• **What you have to do**: The records below are to be transcribed exactly from their first line to the line that has "이때 군자란이 영양과", inclusive, with every picture omitted.

• **Dataset records**:
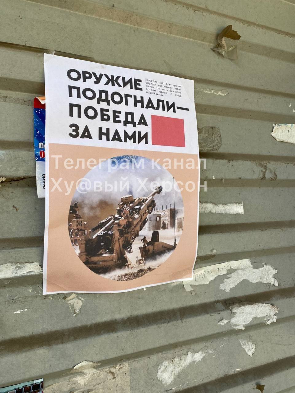 В окупованому росіянами Херсоні з’являються проукраїнські плакати. Місцеві партизани розклеюють листівки на маршрутах чергування патрулів окупантів, повідомляють херсонські Телеграм-канали.
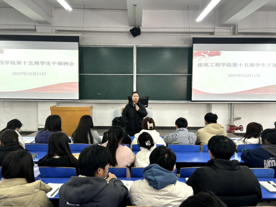 为提高学生干部先锋模范作用,调动学生干部积极性,引导学生干部明确工作方向和工作重点。2023年12月11日,建筑工程学院在开封校区A101(郑州校区B101)教室组织召开第十五周学生干部例会。会议由建筑工程学院党总支副书记刘亚娟主持,团总支书记王莹、学工办主任史真、辅导员赵影以及全体学生会成员、班长、副班长、团支书参加。
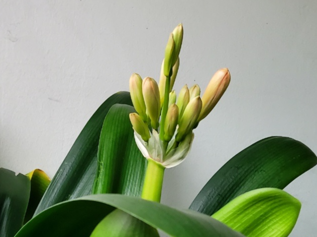 이때 군자란이 영양과 물이 부족하면 꽃대가 올라오다 올라오지 못하고 성장을 멈춥니다.
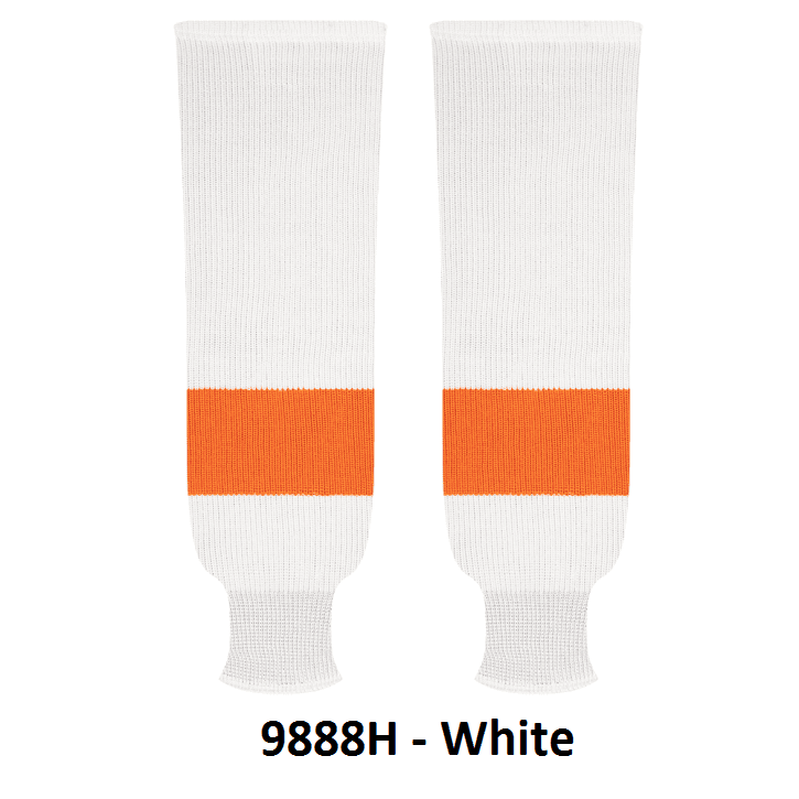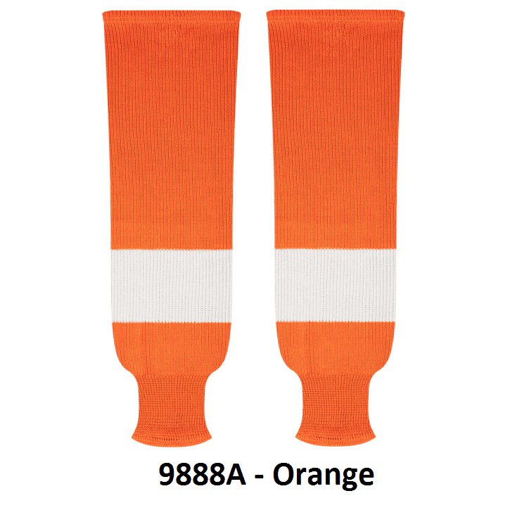 Kobe Philadelphia Flyers hockey socks in home and away new orange styles. Philadelphia Flyers knit hockey socks in stock in adult, intermediate and youth sizes in authentic Flyers team pale orange and white stripes. Kobe knit hockey socks feature a 65% cotton / 35% polyester blended fabric. Made in Canada.
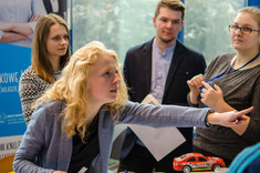 Na pierwszym piętrze budynku S trwały Targi Erasmus, stanowiące doskonałą okazję do porozmawiania ze studentami Wydziału Zarządzania, którzy byli w ostatnim semestrze na studiach zagranicznych w ramach Erasmus+ w takich państwach jak: Hiszpania, Portugalia, Islandia, Niemcy i Turcja. Na targach byli również przedstawiciele Działu Współpracy Międzynarodowej, którzy służyli wyjaśnieniami m.in. w zakresie aplikacji na studia zagraniczne w ramach Programu Erasmus+, a także przedstawiciele Studium Języków obcych, którzy przybliżali szczegóły egzaminu kwalifikacyjnego na wyjazdy zagraniczne w ramach Erasmus+.
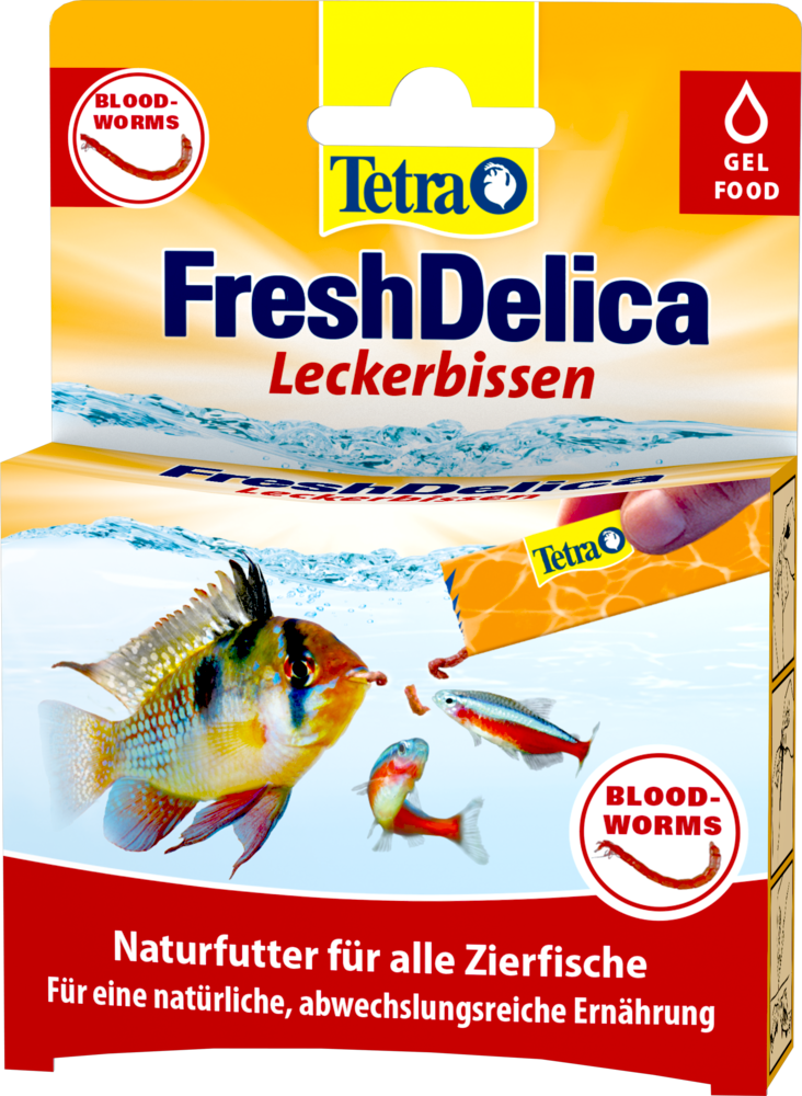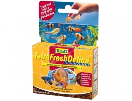 Tetra FreshDelica Bloodworms to pokarm żelowy zawierający w swoim składzie 30% ochotki przeznaczony jako pokarm uzupełniający dietę dla ryb ozdobnych.
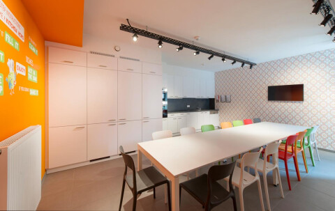 There is a common kitchen, just in case. You can also wash your clothes there as there is a washing machine and a dryer. And as an extra, you get access to the chill room, which includes a pool table, a table football, a tv and a kitchenette
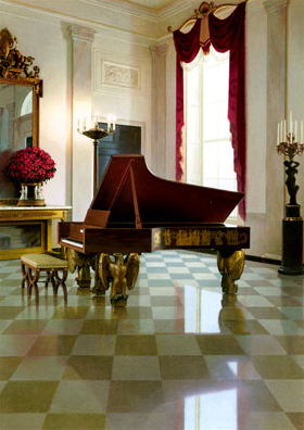 English: The White House Entrance Hall facing northwest, in a photograph by Zhen-Huan Lu. The photograph was used in the 2002 White House holiday greeting card. The grand piano was built by Steinway.
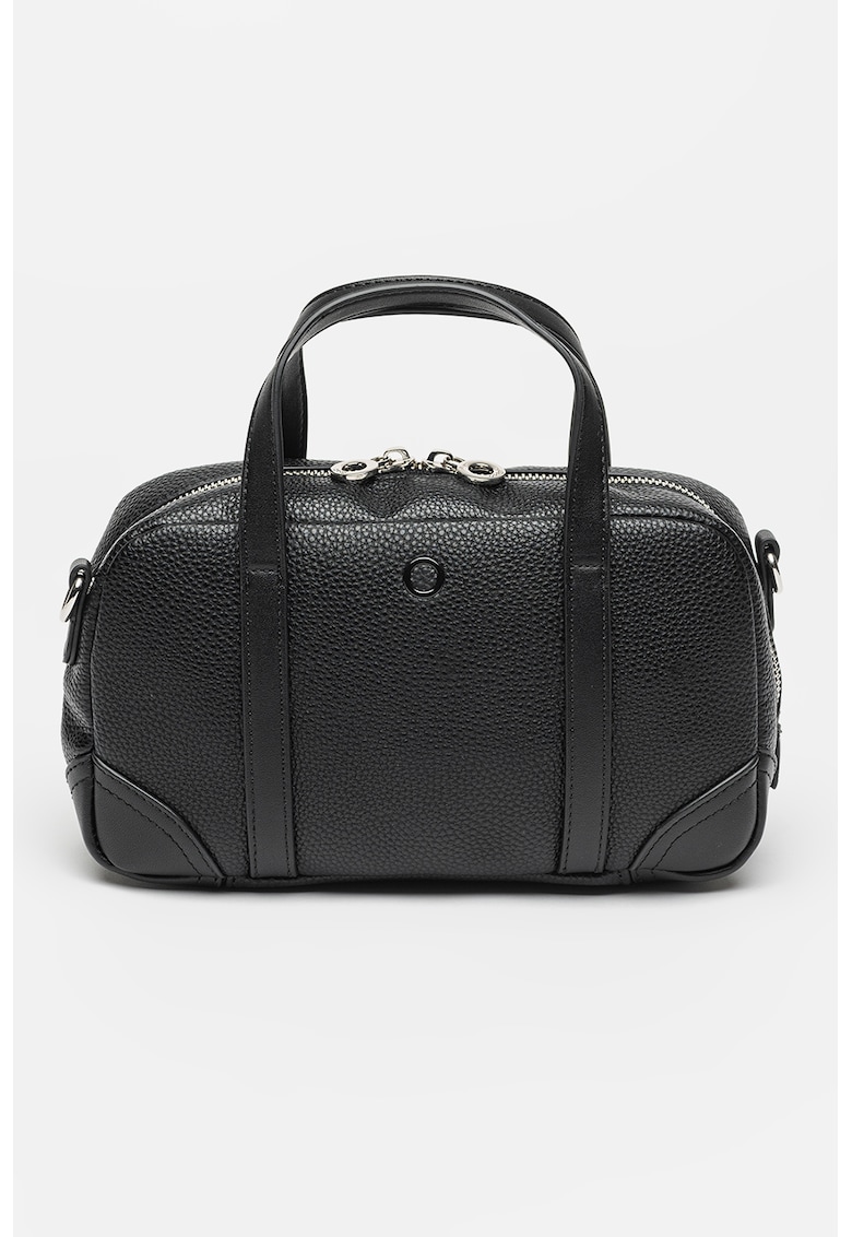 Caracteristici Culoare: negru Material: piele ecologica Model: de umar Stil: casual Compartimente: 1 Culoare elemente metalice: argintiu Sistem inchidere: fermoar Compozitie Exterior: 65% poliuretan
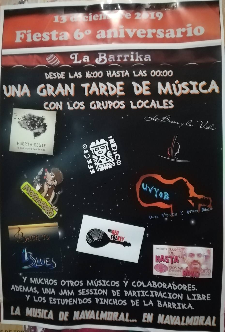 A lo largo de toda la tarde del viernes 13, y con motivo de la celebración del 6° aniversario del bar La Barrika, tendrá lugar un evento musical en el popular establecimiento que contará con la participación o representación de la práctica totalidad de los grupos musicales de la zona, además de colaboraciones de músicos y aficionados no encuadrados actualmente en ninguna formación, según explicaron a HOY sus organizadores.
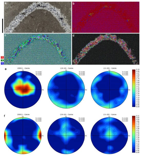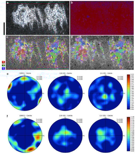 EBSD analysis was subsequently conducted on the thin sections to obtain crystallographic information. During the experiment, measurements were performed using an FEI Quanta450 field emission scanning electron microscope (Thermo Fisher Scientific, Bend, OR, USA), an Oxford Symmetry S3 EBSD high-speed detector (Oxford Instruments, Abingdon, UK), a CMOS high-resolution camera (Oxford Instruments), and an UltimMax energy-dispersive spectrometer (Oxford Instruments). The operating conditions included high vacuum, an accelerating voltage of 20 kV, a current of approximately 130 μA, a tilt angle of 70°, a working distance of 20 mm, and a beam diameter of 6.0 μm. Data acquisition and calibration were performed using the Oxford AztecCrystal software (version 6.1). The pattern resolution was set to 156 × 128 pixels or 622 × 512 pixels, with a gain of 2, and the step size was adjusted between 5 and 10 μm based on the grain size of the sample. The post-processing of the data was also conducted in AztecCrystal, with data quality controlled to ensure a maximum MAD (Mean Angular Deviation) value of 1.0 and grain orientation differences exceeding 10°, ensuring the accuracy and reliability of the results. To facilitate a clearer analysis of the crystals in the fossil wall and internal regions, EBSD data were refined by excluding crystal particles smaller than 100 μm (Figure 3d). Due to the limited presence of dolomite grains in the fossil area (Figure 3b), orientation analysis was performed only on calcite crystals. The calcite grains in the fossil and surrounding matrix were projected onto the {0001}, {1010}, and {1120} planes, and pole density diagrams were generated (Figure 3e,f).

• **Result for this exercise**:
 В окупованому росіянами Херсоні з’являються проукраїнські плакати. Місцеві партизани розклеюють листівки на маршрутах чергування патрулів окупантів, повідомляють херсонські Телеграм-канали.
 为提高学生干部先锋模范作用,调动学生干部积极性,引导学生干部明确工作方向和工作重点。2023年12月11日,建筑工程学院在开封校区A101(郑州校区B101)教室组织召开第十五周学生干部例会。会议由建筑工程学院党总支副书记刘亚娟主持,团总支书记王莹、学工办主任史真、辅导员赵影以及全体学生会成员、班长、副班长、团支书参加。
 이때 군자란이 영양과 물이 부족하면 꽃대가 올라오다 올라오지 못하고 성장을 멈춥니다.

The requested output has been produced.